Strategic Theme # 3/5: Continuous Delivery/DevOps

[tl;dr This post discusses why state-of-the-art technologies and techniques which brings together agile software delivery with operational considerations are strategically key to business success.]

Continuous Delivery is a subject that makes many operations folks break out in a cold sweat..the concept of being able to deploy change as soon as it is ready rather than on fixed deployment schedules is surely a recipe for disaster.

In most cases, it is: the act of taking a traditional monolithic application build, and moving it from test to UAT to production is often a very painful, labour intensive process, with many gates and controls. Because applications typically aren’t build with an operational perspective in mind, most of the creative coding goes into the business functionality, and not into the so-called ‘non-functional’ requirements such as ‘operability’.

The net result is that it’s a lot of work to deploy change, and hence it has to be planned well in advance.

The solution is automation: automation of building, testing, configuration and deployment.

Such automation requires significant investment, and so is generally only worth the effort when a significant number of teams can benefit from the automation. This in turn depends on standards: there is little point in building a highly automated toolchain for Java when most folks want to do C++, for example.

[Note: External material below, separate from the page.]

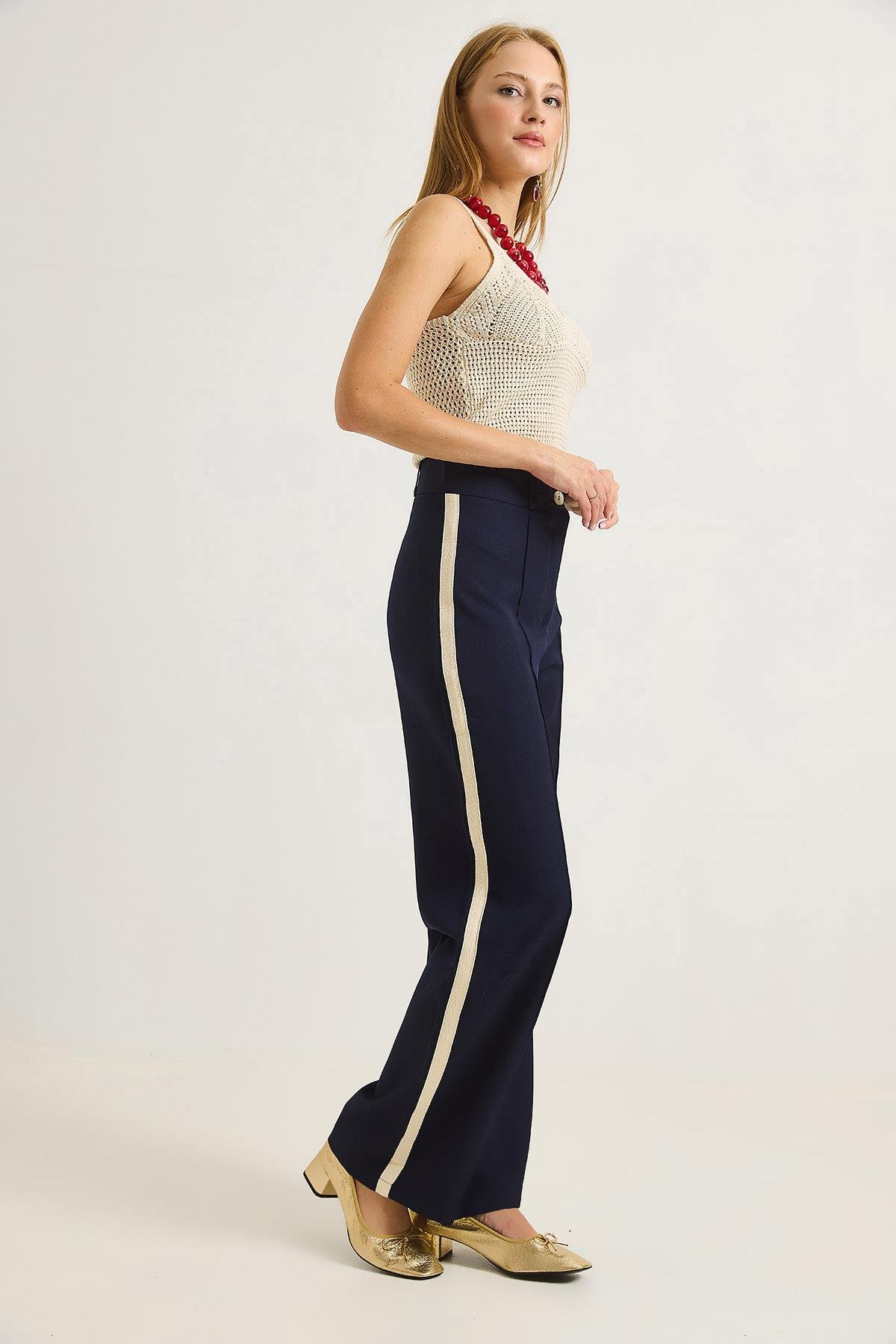 Yanları Şeritlik Bol Paça Kadın Pantolon Lacivert (500500PNTXLACİ)

But the investment pays off, in the ability to respond rapidly to business needs, to quickly make change and be confident that nothing critical breaks, and to provide operations folks with key tools to manage and configure running applications without involving the core development teams.

Continuous delivery may only be an aspiration: it may not be necessary to deploy several times a day, even if you can. But the act of preparing for it makes the whole process much more efficient and massively reduces change-related risk.

The seminal book on this topic, ‘Continuous Delivery: Reliable Software Releases Through Build, Test and Deployment Automation’ by Jez Humble and David Farley covers all the topics very well, and dovetail nicely with related strategic themes of Enterprise Modularity and Lean Enterprise.

The question of Standards always raises its head: in my mind, Standards are in basic conflict with Innovation..although sensible standards can provide the constraints that allow genuine innovation to thrive (as, in general, innovation is a supply-side response to one or more constraints in meeting demand).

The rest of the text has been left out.